▸ Material to process:
....
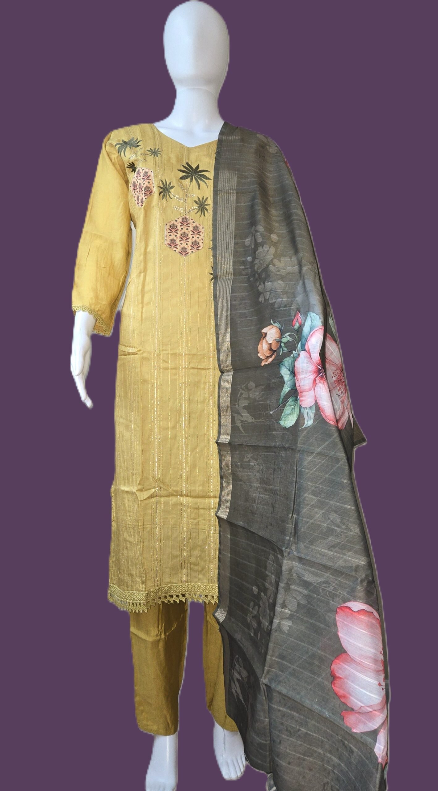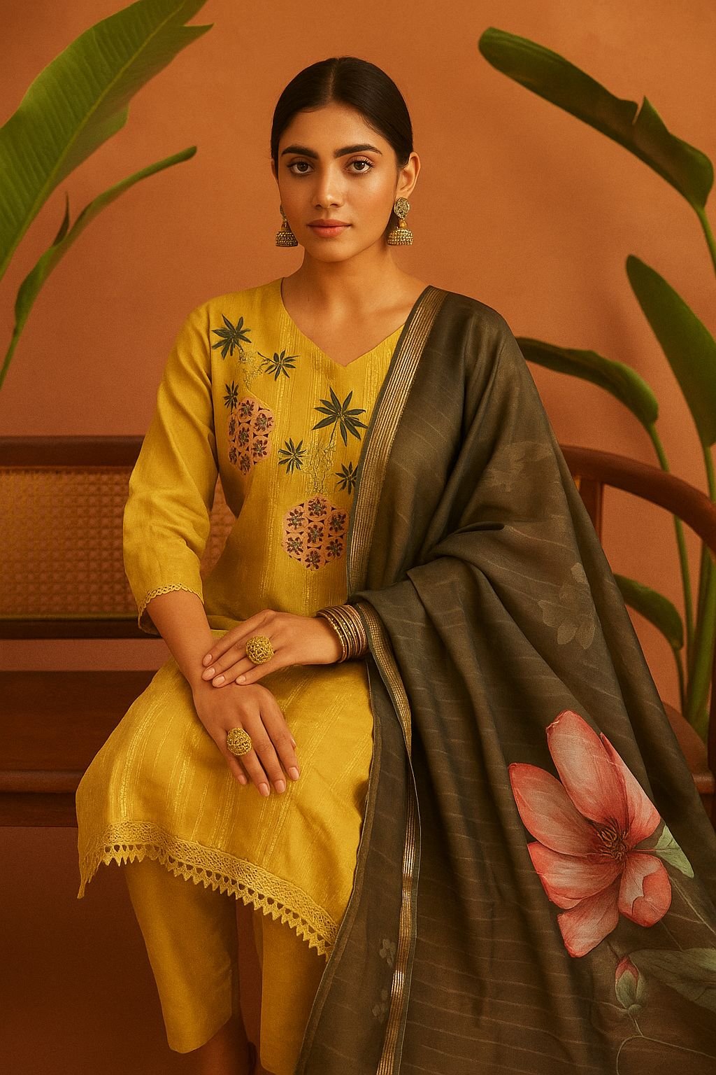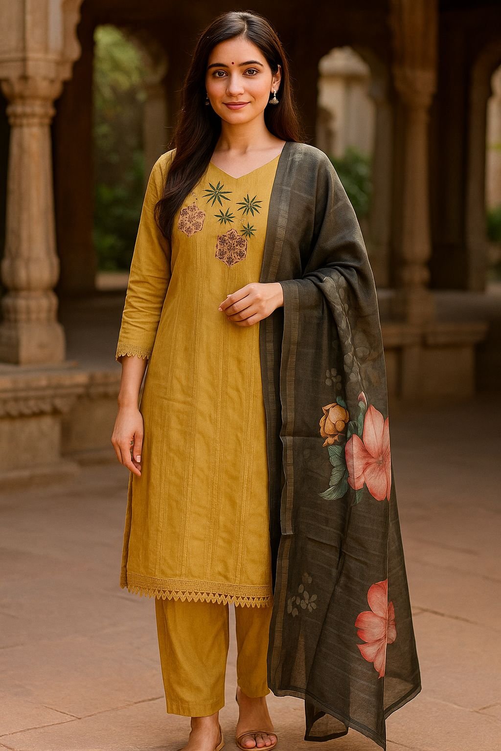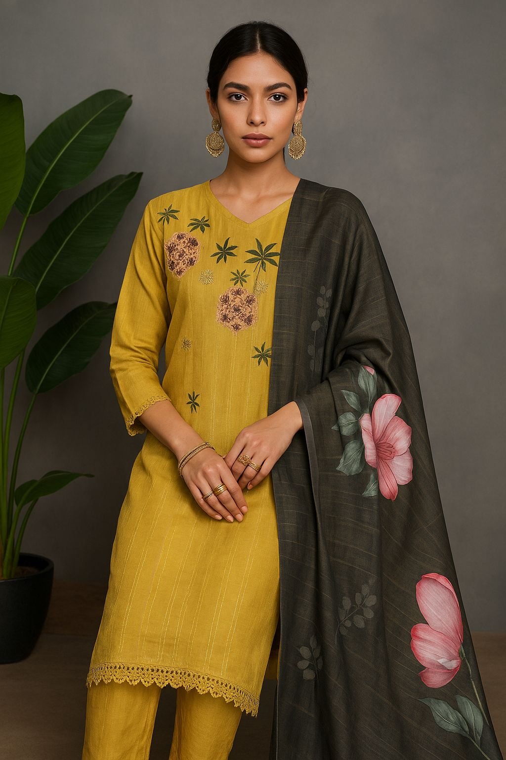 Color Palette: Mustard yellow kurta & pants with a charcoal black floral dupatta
....
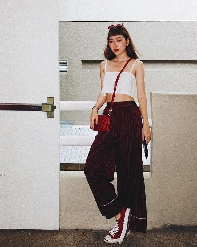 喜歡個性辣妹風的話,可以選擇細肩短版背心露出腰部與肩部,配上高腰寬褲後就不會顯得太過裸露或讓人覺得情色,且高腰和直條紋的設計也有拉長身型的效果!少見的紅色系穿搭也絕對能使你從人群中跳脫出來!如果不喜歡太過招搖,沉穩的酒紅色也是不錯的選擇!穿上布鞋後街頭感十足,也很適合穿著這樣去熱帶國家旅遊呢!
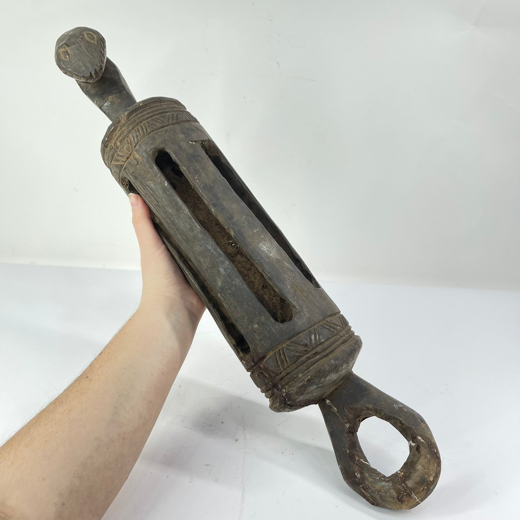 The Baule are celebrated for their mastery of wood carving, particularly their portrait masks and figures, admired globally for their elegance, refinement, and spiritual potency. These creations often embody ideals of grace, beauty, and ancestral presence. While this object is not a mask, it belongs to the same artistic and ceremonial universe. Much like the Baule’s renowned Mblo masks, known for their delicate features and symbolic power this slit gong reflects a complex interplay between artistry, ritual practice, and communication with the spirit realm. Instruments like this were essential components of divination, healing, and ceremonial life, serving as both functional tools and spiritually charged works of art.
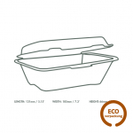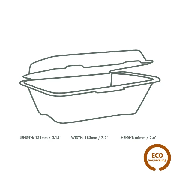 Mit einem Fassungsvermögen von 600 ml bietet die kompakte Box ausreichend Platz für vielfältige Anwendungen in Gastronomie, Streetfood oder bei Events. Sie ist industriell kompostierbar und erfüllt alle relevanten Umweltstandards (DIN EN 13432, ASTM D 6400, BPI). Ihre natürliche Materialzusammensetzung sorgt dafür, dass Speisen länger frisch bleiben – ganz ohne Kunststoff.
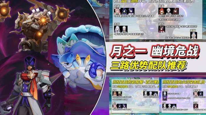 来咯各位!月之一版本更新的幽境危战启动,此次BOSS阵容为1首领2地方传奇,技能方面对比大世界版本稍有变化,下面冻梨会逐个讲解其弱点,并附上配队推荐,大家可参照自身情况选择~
....
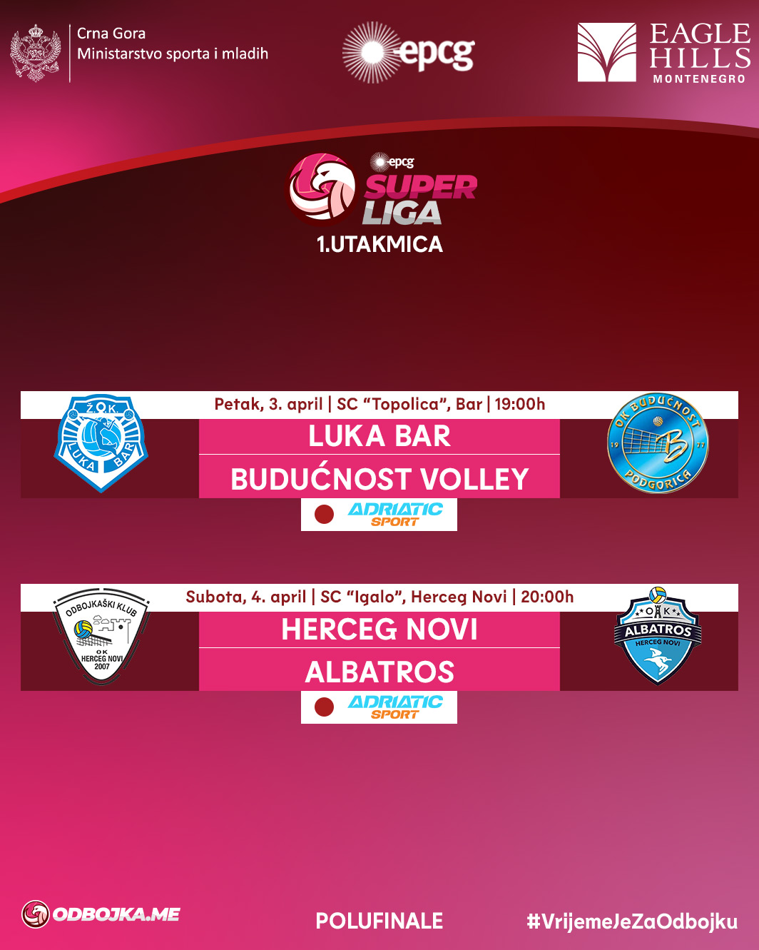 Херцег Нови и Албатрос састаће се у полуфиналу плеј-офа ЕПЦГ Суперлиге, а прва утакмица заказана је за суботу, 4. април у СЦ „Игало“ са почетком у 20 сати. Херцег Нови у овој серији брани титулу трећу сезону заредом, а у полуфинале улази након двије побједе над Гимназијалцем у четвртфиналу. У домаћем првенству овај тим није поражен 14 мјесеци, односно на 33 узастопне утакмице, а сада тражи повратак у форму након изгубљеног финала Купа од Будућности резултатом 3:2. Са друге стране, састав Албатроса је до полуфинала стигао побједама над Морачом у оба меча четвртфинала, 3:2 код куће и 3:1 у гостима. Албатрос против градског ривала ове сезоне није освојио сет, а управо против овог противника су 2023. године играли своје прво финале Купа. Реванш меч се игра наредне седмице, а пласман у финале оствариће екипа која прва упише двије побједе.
....
Everything from the line with "Mit einem Fassungsvermögen" down to the line with "来咯各位!月之一版本更新的幽" in the data above should be copied exactly, with both end lines kept and the pictures left out.

▸ Reply:
 Mit einem Fassungsvermögen von 600 ml bietet die kompakte Box ausreichend Platz für vielfältige Anwendungen in Gastronomie, Streetfood oder bei Events. Sie ist industriell kompostierbar und erfüllt alle relevanten Umweltstandards (DIN EN 13432, ASTM D 6400, BPI). Ihre natürliche Materialzusammensetzung sorgt dafür, dass Speisen länger frisch bleiben – ganz ohne Kunststoff.
 来咯各位!月之一版本更新的幽境危战启动,此次BOSS阵容为1首领2地方传奇,技能方面对比大世界版本稍有变化,下面冻梨会逐个讲解其弱点,并附上配队推荐,大家可参照自身情况选择~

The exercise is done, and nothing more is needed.